Even when the technology they depict for analyzing evidence really exists, TV and movies often misrepresent how that technology is used or how accurate it is. Hollywood makes people believe there is only one method of forensic analysis, Hurd said, then exaggerates the uses of evidence like DNA, bullet trajectories and fingerprints, presenting an ideal that rarely pans out in the real world.

“It isn’t that some of that technology isn’t out there, but it isn’t perfect,” he said.

Fingerprint analysis in TV shows and movies, for example, might leave viewers believing a fingerprint is left every time someone touches something, which is inaccurate. Even if a fingerprint is left, it may be a partial print forensic scientists can’t read, or they might find multiple people’s fingerprints and have to sort through them.

Hollywood exaggerates the frequency of sensational cases, but that’s not to say police officers don’t deal with plenty of memorable ones.

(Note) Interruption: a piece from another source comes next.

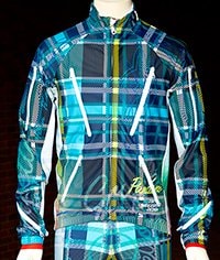 タータンチェックが美しい冬用長袖ジャージ。ライディング中の体温調節のために、ボディ全体に止水ファスナーを11個設けているのが特長だ(ボディ下の2個は前ポケット)。生地はUV効果の高いイタリア製で、伸縮性のある起毛生地をベースに背中や袖にメッシュ系生地を合わせるなど、凝った作りになっている。3万4814円(税抜)。

While Chief Hurd hasn’t gone fishing for a shark like police Chief Martin Brody in “Jaws,” he has had his share of wild animal calls.

“I’ve gone to calls where they said they had a large cat. It turned out to be a mountain lion,” he said.

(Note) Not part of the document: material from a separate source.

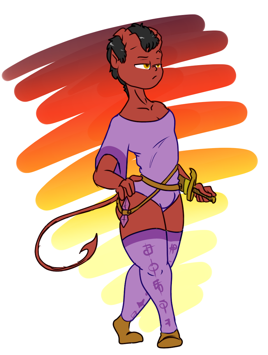 What better piece for my first upload than my wide-hipped demon-blooded wizard boi, Melisandrius? My character in a deviancy-infested 5E campaign, no less. He, along with several thousand others on a mysterious island, got Shota-ified by a wave of mysterious magic. Terrible fate, really. No, it is, I promise. >.>

Living in a rural area, it wasn't unusual to get calls for bears or elk ending up in town.

“Nothing ever surprises me anymore,” he said. “You never know what might show up.”

Sadly, that hasn’t included Bigfoot.

“As far as I know, we’ve never seen a Sasquatch in town,” he said.

The strange things Hurd encountered in his time as a police officer don’t compare to the sagas endured by Hawkins Police Chief Jim Hopper in Netflix’s “Stranger Things.” But when Lewiston officers get the few “odd” calls, they always investigate, and Hurd knows, based on his years in law enforcement, that a full moon on Friday the 13th means “things are going to be a little weird.”

As far as the most widely known police stereotype, an affinity for doughnuts, Hurd isn’t sure where it started.

“I could never really put my finger on why we got pinned for the doughnut thing,” he said. “They didn’t cover that chapter when I went to college on why cops are associated with the doughnut.”

However, he has a theory: Police officers do a lot of shift work, including graveyard shift, working early morning hours when coffee and doughnuts are being made, and often those are the only places open. Hurd remembers a local doughnut store, Daylight Doughnuts, he would go to because, other than a couple of gas stations, it was the only place open at 3 a.m.

Even though police officers as doughnut lovers is a stereotype, “We own it,” Hurd said. If someone brings a box of doughnuts to the police department as a sign of appreciation, not many will decline.

“I always say I wouldn’t turn down a good cinnamon roll either,” he said. “I do like myself a good maple bar though.”